### Task inputs ###
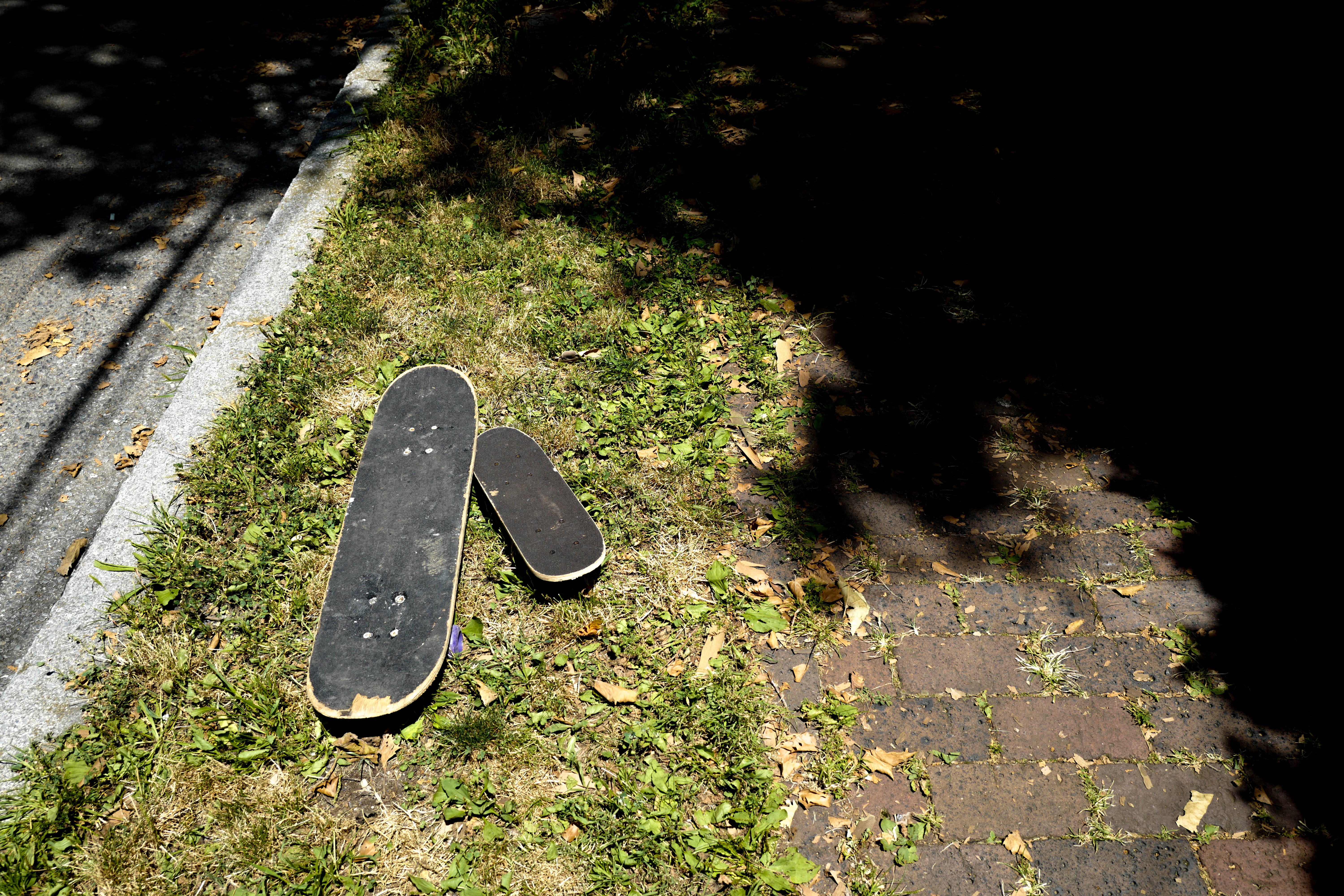 Two weathered skateboards lie abandoned on a patch of sunlit grass beside a cobblestone path. The stark contrast between light and shadow evokes a sense of nostalgia and abandonment, capturing a moment frozen in time. The scattered leaves and overgrown grass enhance the feeling of neglect and the fleeting nature of youth.
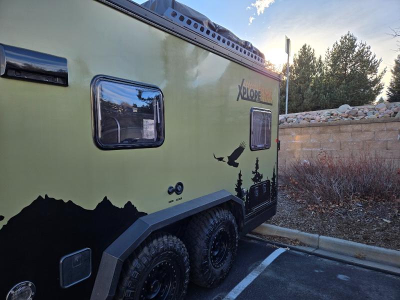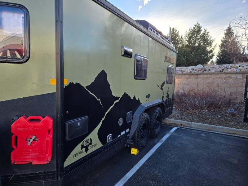 Imperial Outdoors has encompassed the cold weather versatility and cabin-style comforts of a fish house with the rugged capability of a true off-road camper in this XploreRV travel trailer! The chassis has been beefed up with an off-road reinforced, coated steel, and the hydraulic ride adjustment has a 12" ground clearance road height and a 20" off-road ground clearance height. In addition to the standard features and Xtreme package already provided, there are four other optional packages that can be added. The Xtreme package includes an outdoor shower, on-demand hot water, a lock and roll off-road hitch, and an on-board air compressor, plus more!
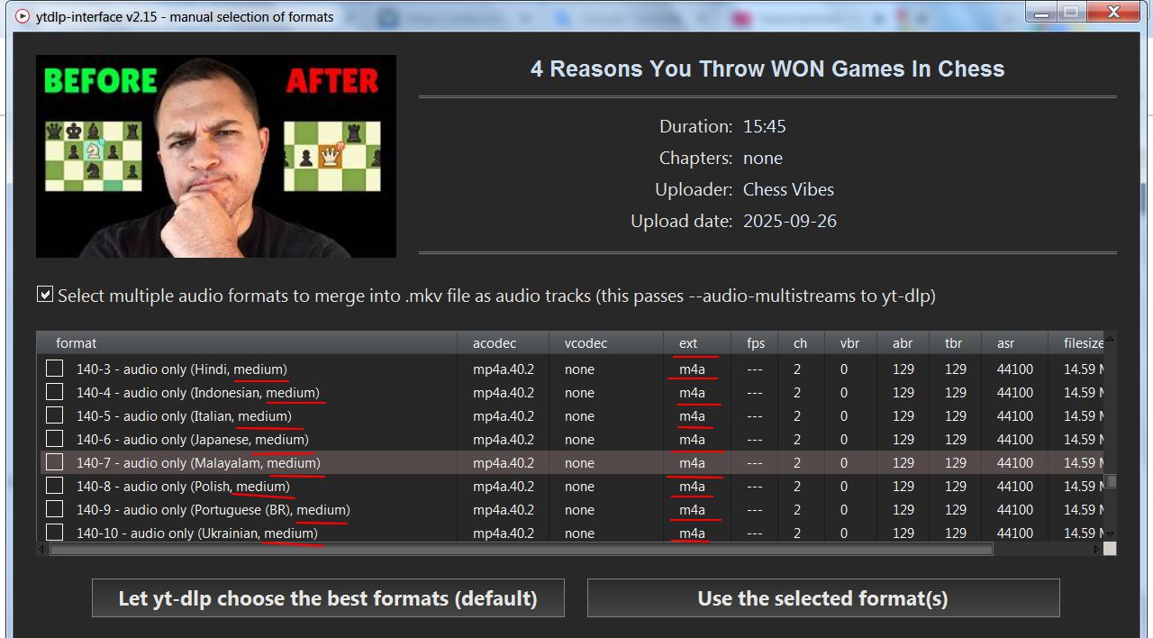 There should be m4a audio format of low and high quality, as it was in the previous version of ytdlp -
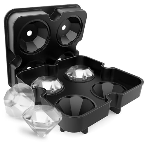 Hbbgdiy Diamond Ice Cube Trays, 4 Hole Silicone Moulds for Freezer, Safe Diamond-shaped Ice Trays for Whiskey, Gin Glasses, Cocktail, and Home Bar Use
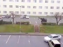 Typhoon Jelawat packed a punch. Check out how it blows a minivan around like a feather.
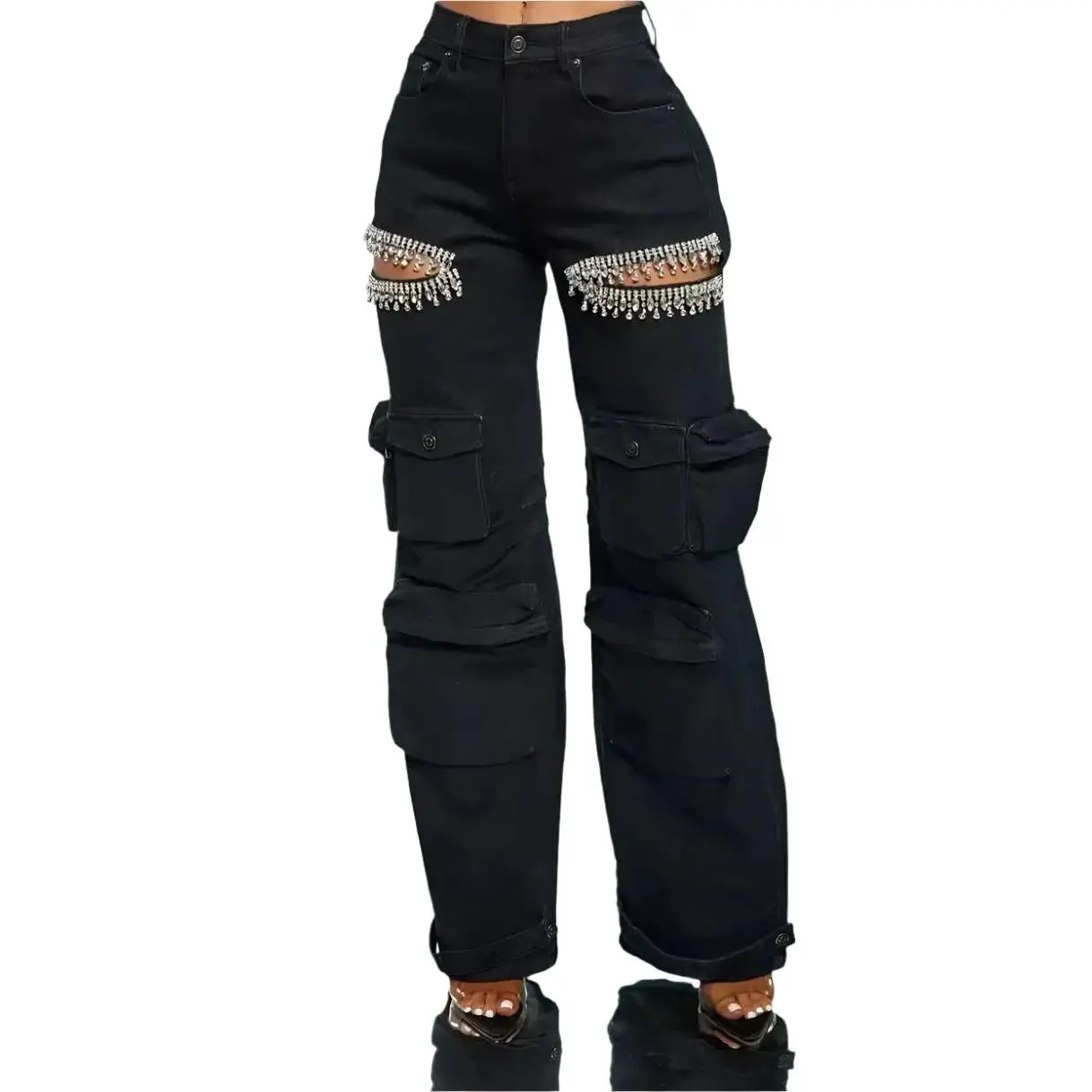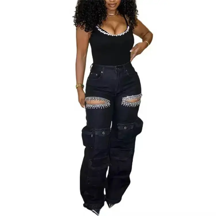 The "Crystal" Diamond cargo jeans are perfect for those who want to look stylish while also being practical. The jeans are available in a range of sizes and colors, so you can choose the one that best suits your personal style.
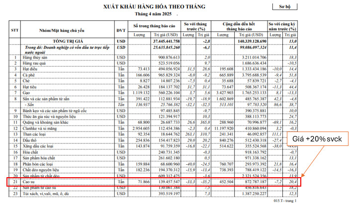 Future cắm nhưng giá bán bình quân vẫn tăng so với cùng kỳ bác ạ. Bên dưới là số liệu sơ bộ của Cục hải quan tháng 4.
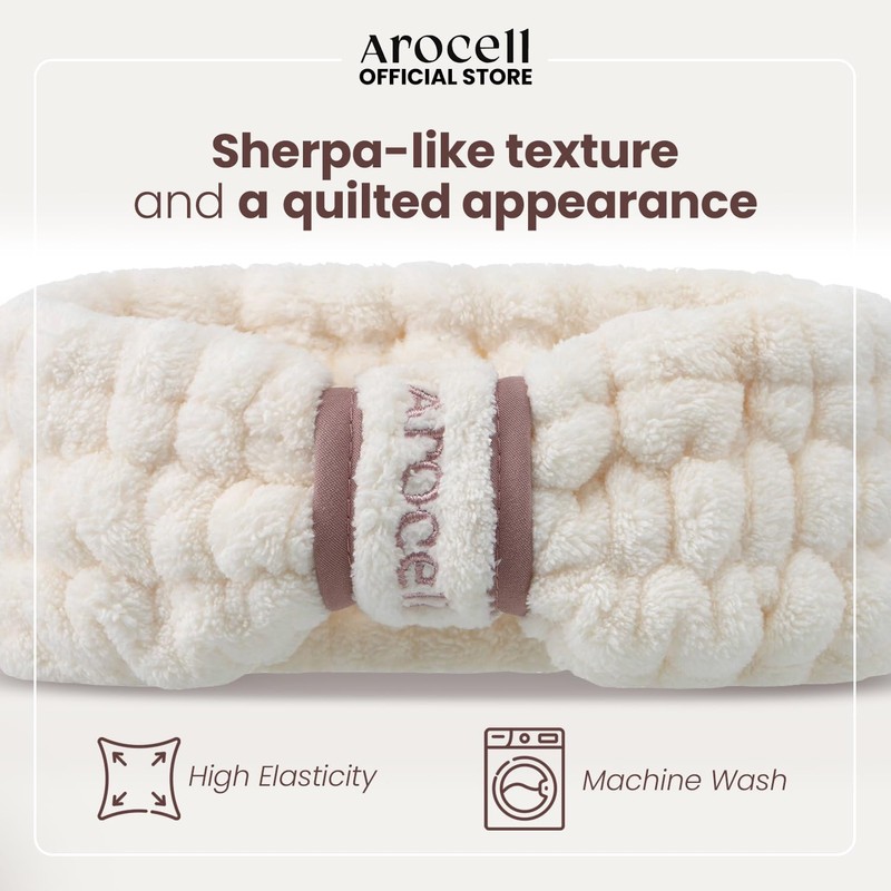• Soft and Luxurious Design - The Arocell Cleansing Headband is crafted from a plush, cream-colored material that offers both comfort and style. Its fluffy texture resembles sherpa or fleece, providing a cozy feel against the skin. The headband features a quilted design that not only enhances its aesthetic appeal but also ensures durability, making it a perfect accessory for your skincare or beauty routine.
###
* **Activity**
Could you restate each record word for word, keeping the pictures out?

* **Exercise response**
 Two weathered skateboards lie abandoned on a patch of sunlit grass beside a cobblestone path. The stark contrast between light and shadow evokes a sense of nostalgia and abandonment, capturing a moment frozen in time. The scattered leaves and overgrown grass enhance the feeling of neglect and the fleeting nature of youth.
 Imperial Outdoors has encompassed the cold weather versatility and cabin-style comforts of a fish house with the rugged capability of a true off-road camper in this XploreRV travel trailer! The chassis has been beefed up with an off-road reinforced, coated steel, and the hydraulic ride adjustment has a 12" ground clearance road height and a 20" off-road ground clearance height. In addition to the standard features and Xtreme package already provided, there are four other optional packages that can be added. The Xtreme package includes an outdoor shower, on-demand hot water, a lock and roll off-road hitch, and an on-board air compressor, plus more!
 There should be m4a audio format of low and high quality, as it was in the previous version of ytdlp -
 Hbbgdiy Diamond Ice Cube Trays, 4 Hole Silicone Moulds for Freezer, Safe Diamond-shaped Ice Trays for Whiskey, Gin Glasses, Cocktail, and Home Bar Use
 Typhoon Jelawat packed a punch. Check out how it blows a minivan around like a feather.
 The "Crystal" Diamond cargo jeans are perfect for those who want to look stylish while also being practical. The jeans are available in a range of sizes and colors, so you can choose the one that best suits your personal style.
 Future cắm nhưng giá bán bình quân vẫn tăng so với cùng kỳ bác ạ. Bên dưới là số liệu sơ bộ của Cục hải quan tháng 4.
• Soft and Luxurious Design - The Arocell Cleansing Headband is crafted from a plush, cream-colored material that offers both comfort and style. Its fluffy texture resembles sherpa or fleece, providing a cozy feel against the skin. The headband features a quilted design that not only enhances its aesthetic appeal but also ensures durability, making it a perfect accessory for your skincare or beauty routine.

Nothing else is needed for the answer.